At the midst of the heated discussions our friends arrived. She completely absorbed me throughout the day. At some point, she did ballet stretches on the floor and the thought slipped to my head.
How jealous I am of her.
I started following Shtag on Facebook.
She always beat me in political discussions but I couldn't join her faction. The only reason I was so argumentative became to some extent I wanted her to heal me, show me how to be her.
Blue eyes and wavy hair, round soft body figure. Her mind crystal and sharp, pure, only wishing good for the world. Pictures from gay pride parades and protests.
The narrative that women should heal the grotesque beasts of the world is wrong but understandable. Our society rarely teaches them these things from a young age, so they come to seek human warmth at the realm most talked to them about - the sexual and romantic.
Back then my mind was incapable of being left. I wanted to be compassionate and embracing, but something stopped me from seeing the logic.
The transition in mindset occurred alongside my gender transition and at times I fear that I implement the same biases I had back then. That my ideological inclinations are just me embracing my other gender. Still though, even back then I couldn't stand lack of empathy, cruelness. But I was a sucker for nonsensical data about race, free market, sexual essentialism and violence.
I remember my first attempts at thinking about my femininity was out of evolutionary psychology. How I tried to rationalize the power and beauty of being female.

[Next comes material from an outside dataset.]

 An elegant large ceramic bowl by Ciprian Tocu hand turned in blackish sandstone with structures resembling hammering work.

The attempt to derive everything from first principals.
To some extent, the primary reason I allowed myself to transition was out of the growing conviction of the absurdity of my past views.

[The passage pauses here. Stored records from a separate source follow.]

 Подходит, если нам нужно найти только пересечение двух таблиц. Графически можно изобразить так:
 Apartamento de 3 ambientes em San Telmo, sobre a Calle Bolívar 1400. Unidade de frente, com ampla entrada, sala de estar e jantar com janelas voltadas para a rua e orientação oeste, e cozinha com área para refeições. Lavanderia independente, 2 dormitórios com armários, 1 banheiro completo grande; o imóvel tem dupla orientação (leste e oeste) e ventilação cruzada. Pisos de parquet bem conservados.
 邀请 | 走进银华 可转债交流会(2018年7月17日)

Followed from reading more philosophy of science, Wittgensteinian thought, etc.
What I want to say is that this tension between the person I want to be and the person I am been prevalent throughout my life.
I chose my name - Amabilis, because it signifies what I want to be.
Classic European. Loveable, both by me and by others.
There were always obstacles that blocked me.
With Shtag it was my mind.
When I was 22 and the entire thing with my mom started, it was the need of my family for a strong, reliable parental figure.
Then, that I lived in a Balkanic conservative country.
My 'proper life' and the other.
In the other I was a radical left, I went to BDSM parties; I enjoyed the taste of blood in my mouth, protested the oppression of prostitutes.
In the actual life I was a family 'man'.
When I arrived in the UK, I shed tears of joy.
I am finally free; I thought.
But it wasn't the case. For the first two years, I lived with my brother.
My trans clothes hid in the closet.
This duality continued. He studies mathematics; I study mathematics and philosophy.
In math lectures, I wear a heavy coat, in philosophy lectures I'm all out with a pastel sweater and a black skirt.
Every slight chance to be out is a glimpse of freedom.
And then there's my room.
I just moved to my new flat, away from him, and all those things that had to shy away from are now visible. I placed my makeup kit, pencils, Lolita utensils, looked at the room and surreal freedom caught up to me.
From the army to the current times, life was a constant struggle to self identify and become who I am.
At times I win, for instance when I started living my alternative life,
At times I lose, for instance when I had to flee to Serbia.
And while I struggle and suffer, I cannot be pessimistic, because I always have something to win back.